● **Data excerpt**
=== Begin Enclosure ===
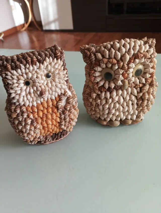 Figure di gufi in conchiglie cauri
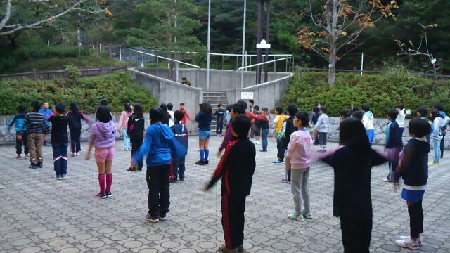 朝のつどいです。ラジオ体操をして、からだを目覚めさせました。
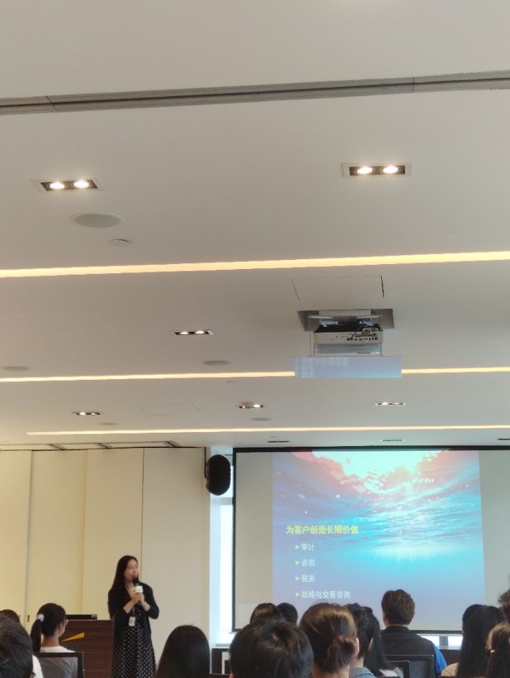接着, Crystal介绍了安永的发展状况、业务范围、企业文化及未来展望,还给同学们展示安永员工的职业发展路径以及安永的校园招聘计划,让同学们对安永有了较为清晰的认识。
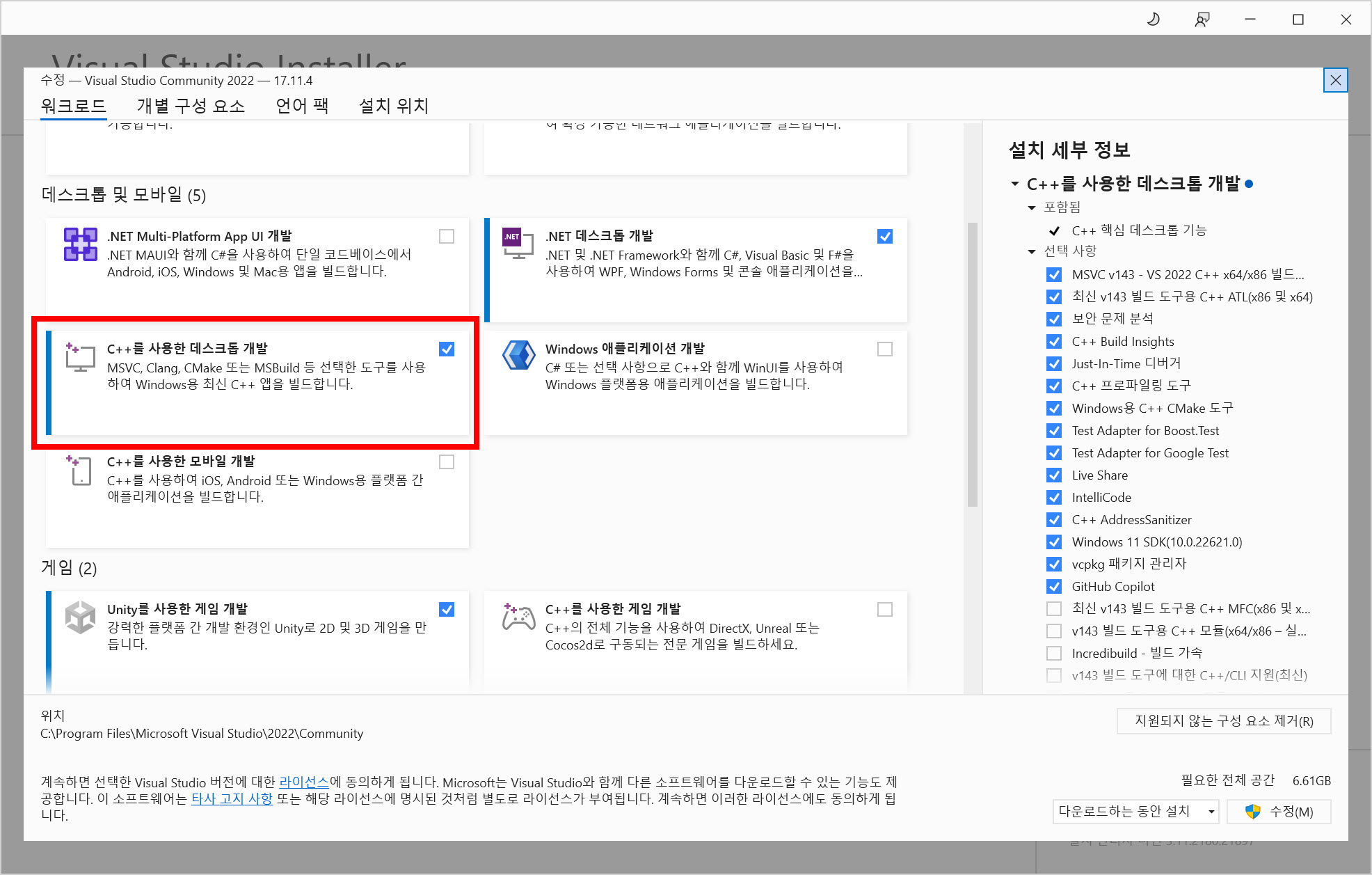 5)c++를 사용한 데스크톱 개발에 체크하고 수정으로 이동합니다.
=== End Enclosure ===
● **Required work**
Down to the last line, print the material exactly, but not its pictures.

● **Worked solution**
 Figure di gufi in conchiglie cauri
 朝のつどいです。ラジオ体操をして、からだを目覚めさせました。
接着, Crystal介绍了安永的发展状况、业务范围、企业文化及未来展望,还给同学们展示安永员工的职业发展路径以及安永的校园招聘计划,让同学们对安永有了较为清晰的认识。
 5)c++를 사용한 데스크톱 개발에 체크하고 수정으로 이동합니다.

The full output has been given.